### What the exercise asks
From the listing below, retype exactly the line holding "黑色液态硅胶卡通皮卡丘手机壳", the line holding "我们了解到,浏览器测试中,使用 Edge 浏览器播放", and the lines between them; skip everything else.

### The records

<<<<

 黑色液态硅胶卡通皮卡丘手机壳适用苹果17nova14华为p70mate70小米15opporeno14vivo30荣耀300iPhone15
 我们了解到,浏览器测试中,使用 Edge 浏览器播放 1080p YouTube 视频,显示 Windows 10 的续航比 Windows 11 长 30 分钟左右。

>>>>
<<<<

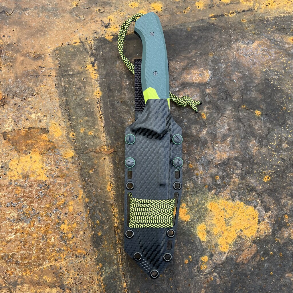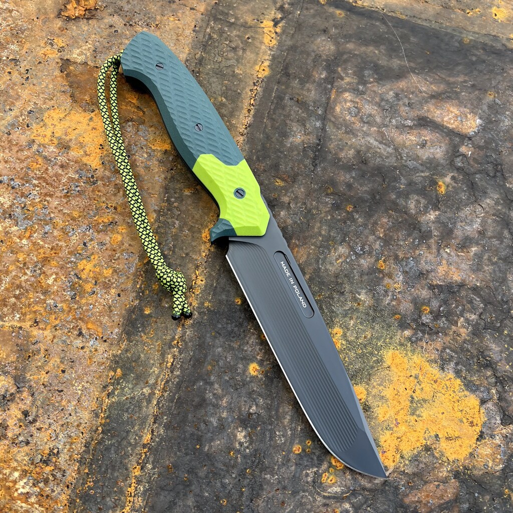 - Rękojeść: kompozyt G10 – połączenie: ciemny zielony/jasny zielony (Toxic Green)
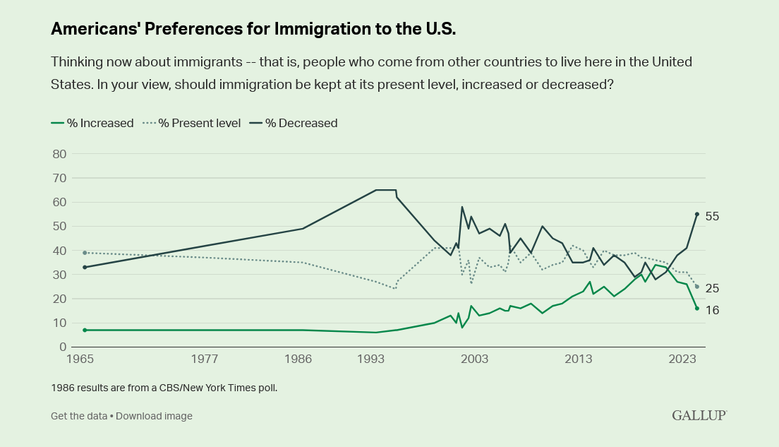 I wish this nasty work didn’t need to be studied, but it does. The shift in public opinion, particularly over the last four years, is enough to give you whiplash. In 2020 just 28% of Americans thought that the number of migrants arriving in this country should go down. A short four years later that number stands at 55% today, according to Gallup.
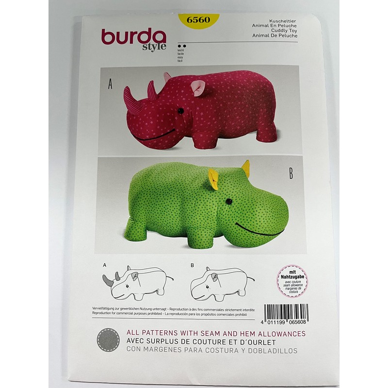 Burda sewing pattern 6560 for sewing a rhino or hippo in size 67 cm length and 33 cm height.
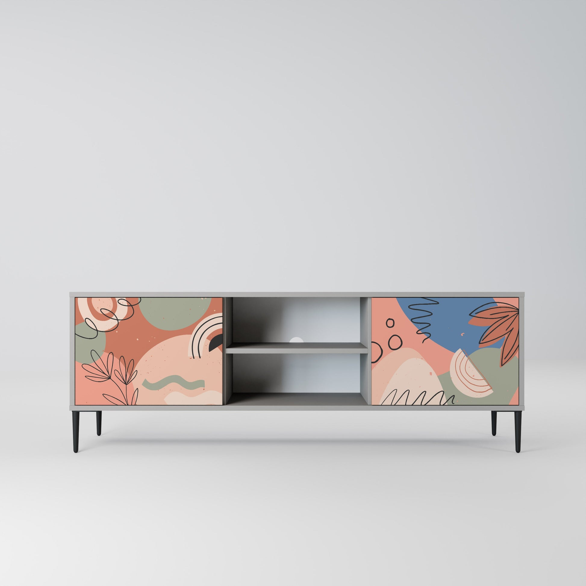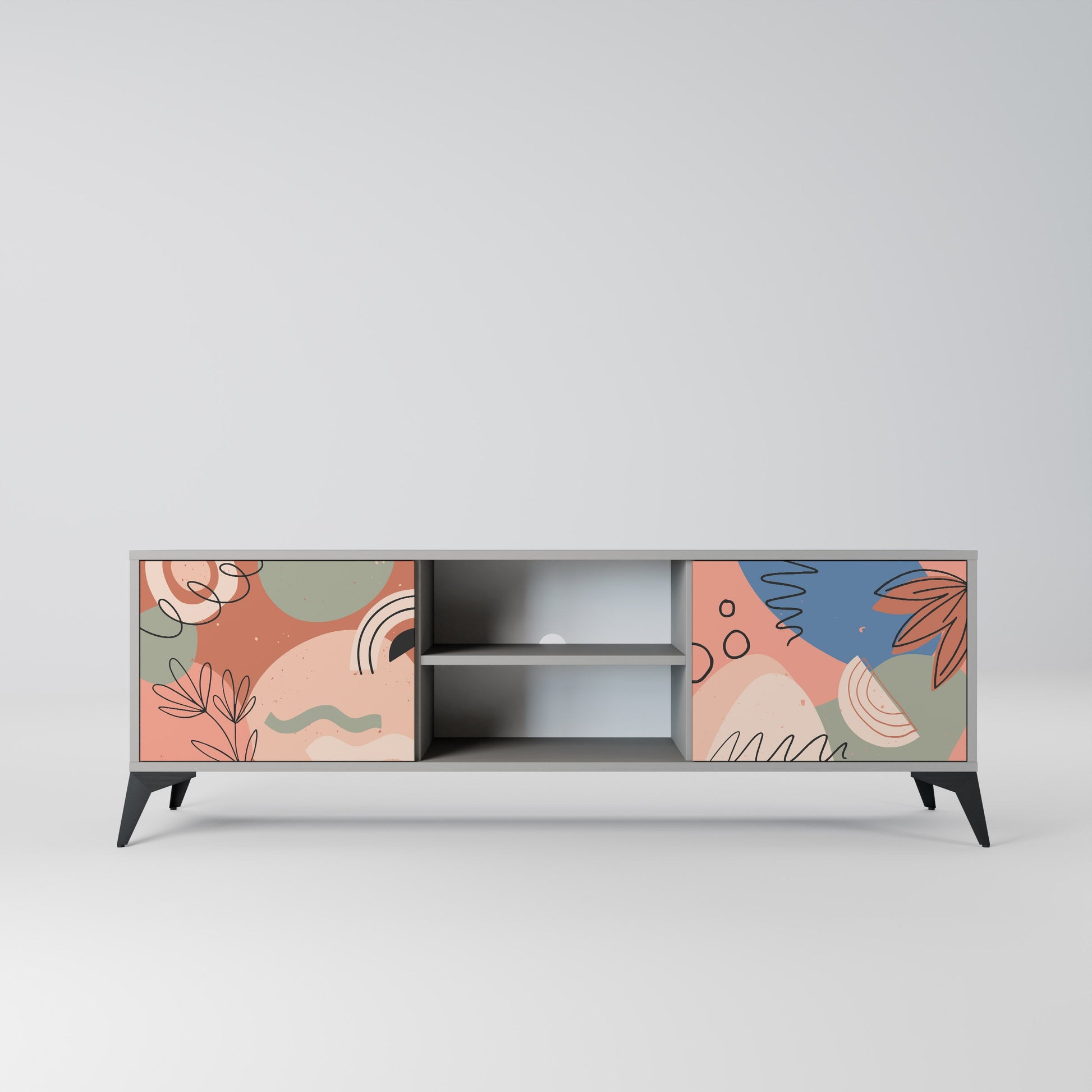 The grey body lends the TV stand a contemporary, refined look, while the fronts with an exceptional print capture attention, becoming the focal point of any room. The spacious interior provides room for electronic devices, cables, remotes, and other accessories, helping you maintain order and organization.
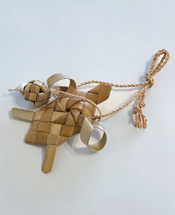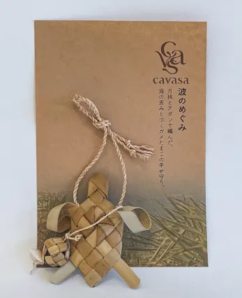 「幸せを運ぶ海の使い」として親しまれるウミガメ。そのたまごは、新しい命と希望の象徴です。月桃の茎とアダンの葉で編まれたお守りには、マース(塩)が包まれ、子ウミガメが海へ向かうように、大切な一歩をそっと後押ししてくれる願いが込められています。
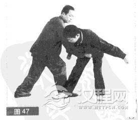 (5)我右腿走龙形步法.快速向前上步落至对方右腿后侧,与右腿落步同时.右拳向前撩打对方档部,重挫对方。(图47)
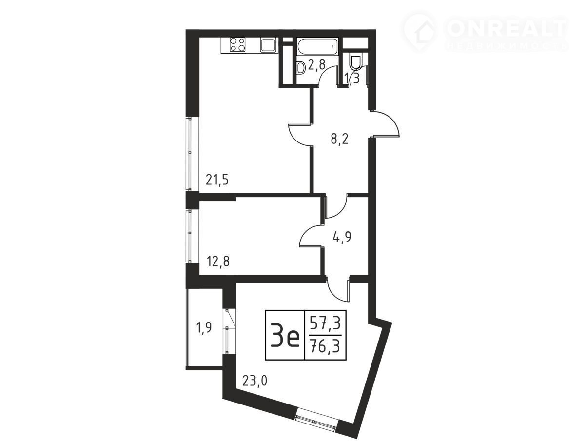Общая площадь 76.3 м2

>>>>

### Your solution
 黑色液态硅胶卡通皮卡丘手机壳适用苹果17nova14华为p70mate70小米15opporeno14vivo30荣耀300iPhone15
 我们了解到,浏览器测试中,使用 Edge 浏览器播放 1080p YouTube 视频,显示 Windows 10 的续航比 Windows 11 长 30 分钟左右。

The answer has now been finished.